Hanfelder v. GEICO Indemnity Co. – 5/22/2018
Arizona Court of Appeals Division One holds that insurers must use clear policy language to effectively limit coverage to one underinsurance policy.
After an accident, a motorcyclist received the full amount up to policy limits from the other driver’s insurance company, which he alleged was not sufficient to cover all losses. The motorcyclist had two underinsurance (“UIM”) policies: one through GEICO Indemnity Company and the other through its wholly owned subsidiary, GEICO Casualty. GEICO Casualty tendered its UIM policy limit but GEICO Indemnity denied coverage under its policy. The motorcyclist brought a declaratory action over coverage and the trial court granted summary judgment for GEICO Indemnity. The motorcyclist appealed.
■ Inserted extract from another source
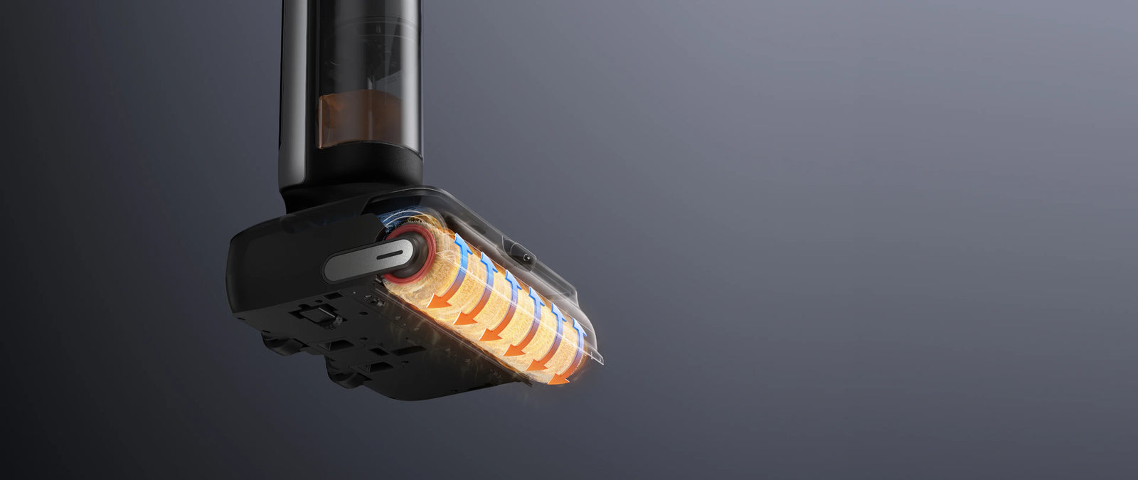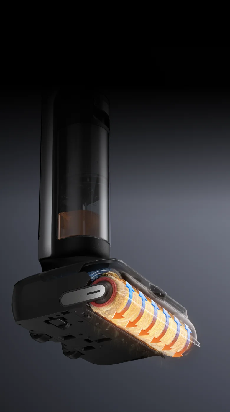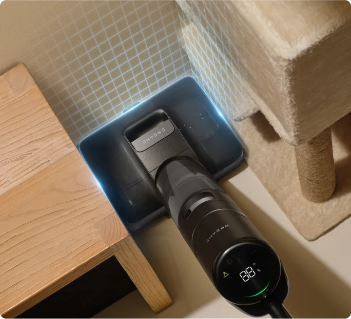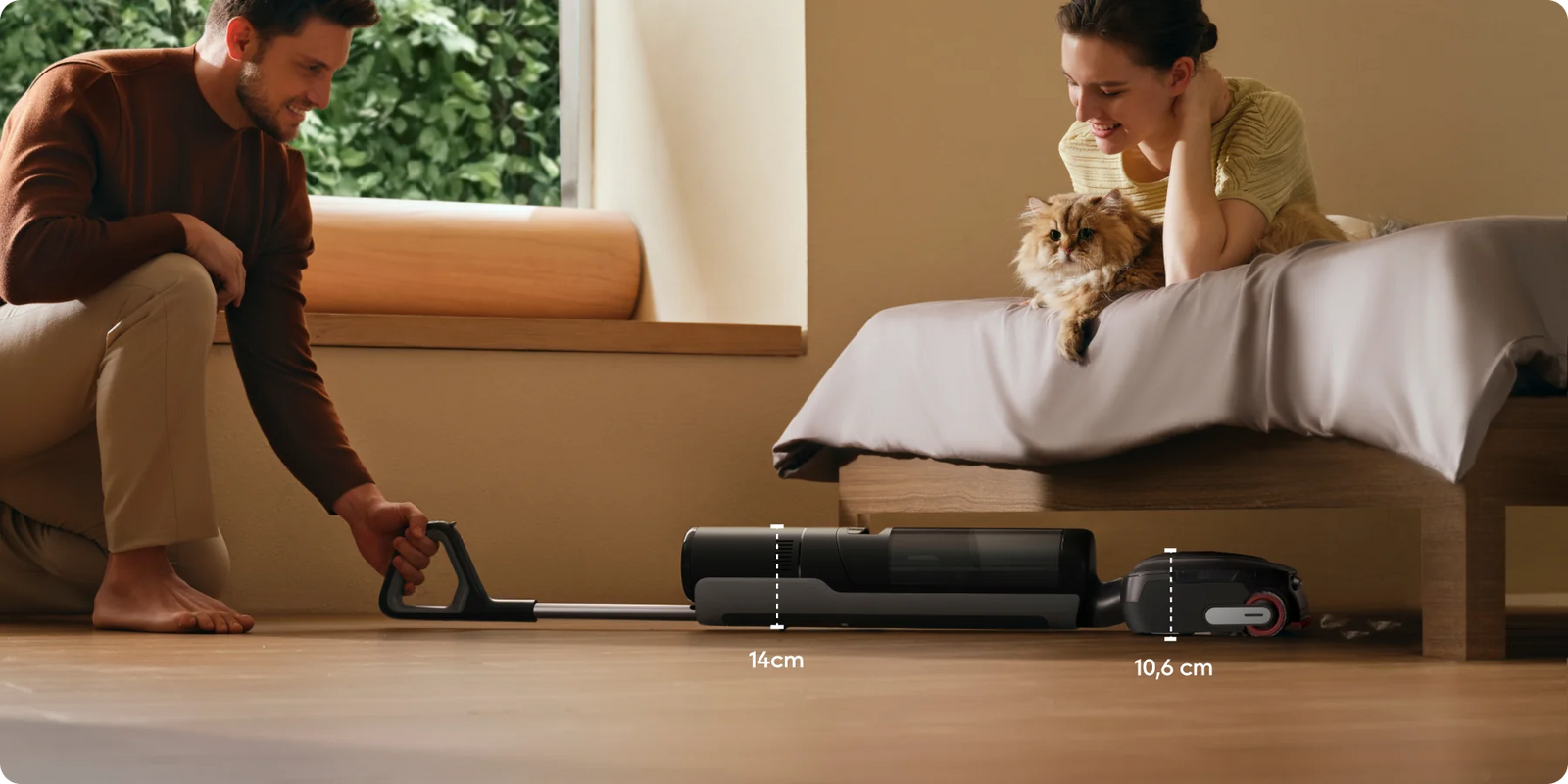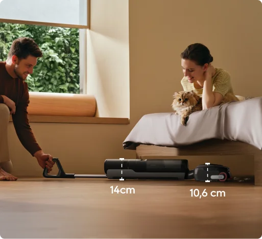 Le H15 Pro FoamWash s'incline complètement à 180°*, se glissant facilement sous les canapés et les meubles bas. Son réservoir d'eau sale retient l'eau en toute sécurité, protégeant ainsi le moteur tout en offrant une aspiration puissante allant jusqu'à 23 000 Pa pour venir à bout même des espaces les plus étroits.

The Court of Appeals reversed and remanded, holding that the policy language at issue failed to limit underinsurance coverage to a single GEICO entity. Arizona law authorizes insurers to limit coverage to one policy when an insured has multiple polices from the same insurer or a group of insurers under common management. A.R.S. § 20-259.01(H). However, this provision is not self-executing and Arizona courts construe UIM statutes liberally in favor of coverage and construe exclusions strictly and narrowly. The policy language at issue limited the insured to coverage under only one of the “separate policies or coverages with us,” but “us” was not defined. The related term “we” was defined to mean only GEICO Indemnity and so the Court refused to read “us” broadly to include GEICO Casualty as well.
Judge Thompson authored the opinion; Judges Swann and Beene concurred.